William Bronchick | 7 Reasons to Use Land Trusts in Colorado
William Bronchick: The land trust is a very powerful tool for
the savvy real estate investor, and there are many reasons to use land trusts
in Colorado. A Colorado land trust is a revocable, living trust used
specifically for holding title to real estate. Each property is titled in a
separate trust, affording maximum privacy and protection. Also known as
an “Illinois Land Trust”, the title-holding land trust is recognized by statute
in Florida, Georgia, Hawaii, Illinois, Indiana, Montana, North Dakota,
South Dakota, and Virginia.
Colorado does not have a land
trust statute, but since a land trust is a basic revocable, living trust, it
would be recognized under common law trust principles.
Here are seven good reasons to use a Colorado land trust for titling property to real estate.
Privacy
In today’s information age,
anyone with an internet connection can look up your ownership of real estate.
Privacy is extremely important to most people who don’t want others knowing
what they own. For example, if you own several properties within a city that
has strict code enforcement, you could end up being hauled into court for too
many violations, even minor ones. Having your real estate titled in land trusts
makes it difficult for city code enforcement to find who the owner is, since
the trust agreement is not public record for everyone to see.
Protection from liens
Real estate titled in a trust
name is not subject to liens against the beneficiary of the trust. For example,
if you are dealing with a seller in foreclosure, a judgment holder or the IRS
can file a claim against the property in the name of the seller. If the
property is titled into trust, the personal judgments or liens of the seller will
not attach to the property. This is because of the unique nature of land
trusts, which make the beneficiary’s interest in the trust “personal property”,
and vests all legal and equitable title in the trustee. Thus, a judgment
against X is not a lien on the property held in a land trust for X.
Protection from title claims
If you sign a warranty deed in
your own name, you are subject to potential title claims against you if there
is a problem with title to the property. For example, a lien filed without your
knowledge could result in liability against you, even if you purchased title
insurance. A land trust in your place as seller will protect you personally
against many types of title claims because the claim will be limited to the
trust. If the trust already sold the property, it has no assets and thus limits
your exposure to title claims.
Discouraging Litigation
Let’s face it, people tend to
only sue others who appear to have money. Attorneys who work on contingency are
only likely to take cases which they can not only win, but collect, since their
fee is based on collection. If your properties are hard to find, you will
appear “broke” and less worth suing. Even if a potential plaintiff thinks you
have assets, the difficult prospect of finding and attaching these assets will
discourage litigation against you.
Protection from HOA Claims
When you take title to a
property in a homeowner’s association (HOA), you become personally liable for
all dues and assessments. This means if you buy a condo in your own name and
the association asseses an amount due, they can place a lien on the property
and/or sue you PERSONALLY for the obligation! Don’t take title in your name in
an HOA, but instead take title in a land trust so that the trust itself (and
thus the property) will be the sole recourse for the homeowner’s association’s
debts.
Making contracts assignable
The ownership of a land trust
(called the “beneficial interest”) is assignable, similar to the way stock in a
corporation is assignable. Once property is title in trust, the beneficiary of
the trust can be changed without changing title to the property. This can be
very advantageous in the case of a real estate contract that is non-assignable,
such as in the case of a bank-owned or HUD property. Instead of making your
offer in your own name, make the offer in the name of a land trust, then assign
your interest in the land trust to a third party.

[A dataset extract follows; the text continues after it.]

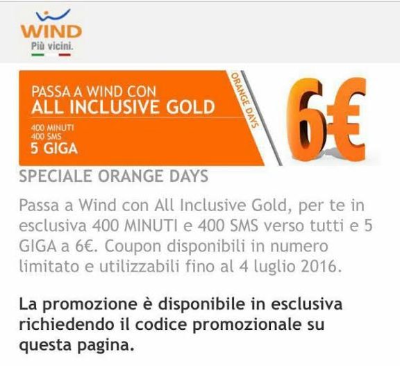 – WIND: 400-400-5GB a 6 euro, SOLO da H3G
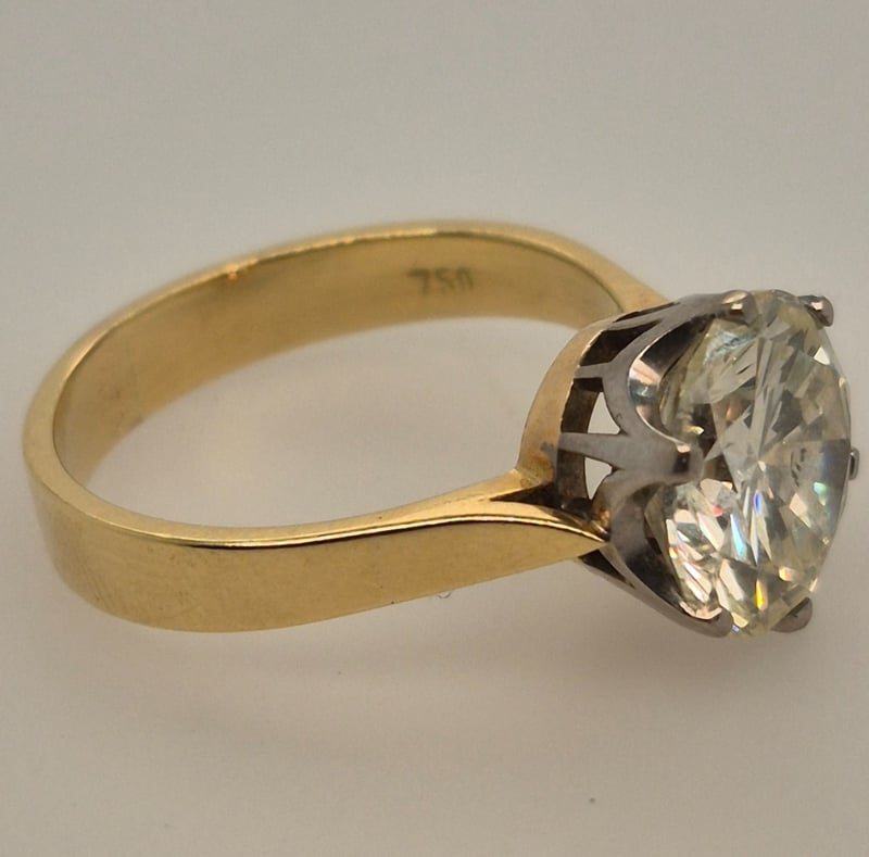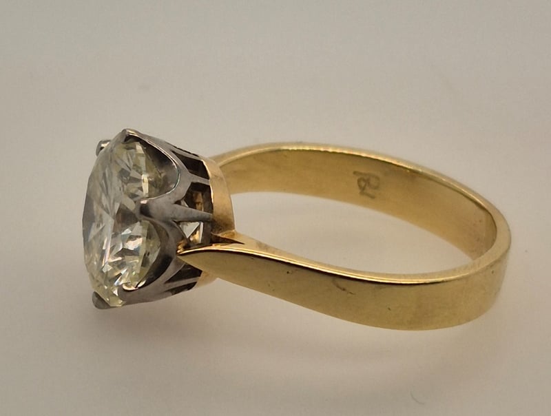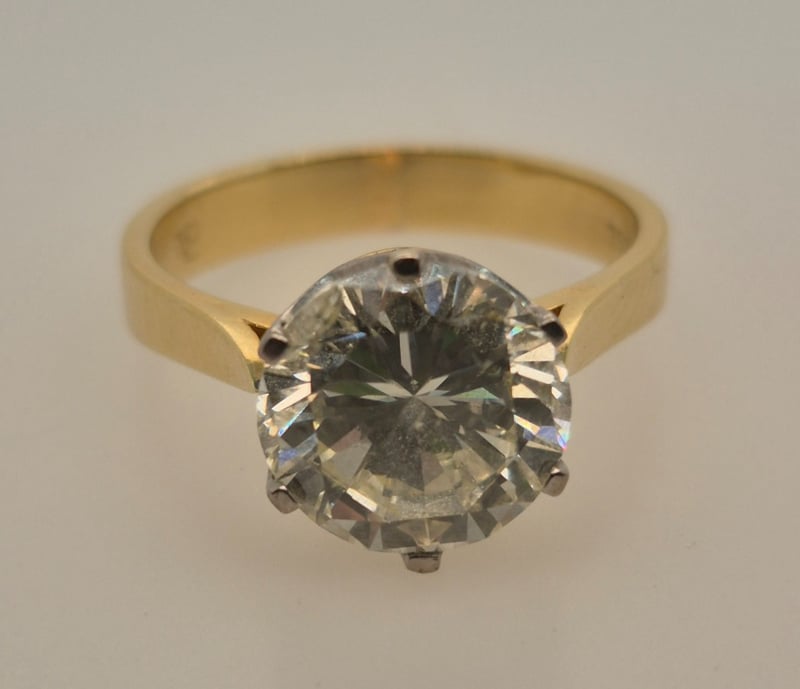 Featuring 3.63Ct Round Modern Brilliant Cut Diamond Being Held In A Hand Pierced 6 Claw White Gold Coronet.

Colorado’s Unique Trust Statute
In most states, a property in
trust must be held in the name of the trustee, for example, “John Jones, as
trustee under a declaration of trust dated June 2, 2011”. Colorado law
(CRS C.R.S. 38-30-108.5) allows a trust to take title in its name, then the
trustee may file a “statement of authority” identifying the trustee (CRS
38-30-172). If you want to change trustees in Colorado, you do not need a
new deed, just amend the land trust and file a new statement of authority with
the County Clerk and Recorder.
William Bronchick: As you can see, the title-holding land trust
can be very beneficial for the owner of real estate in Colorado.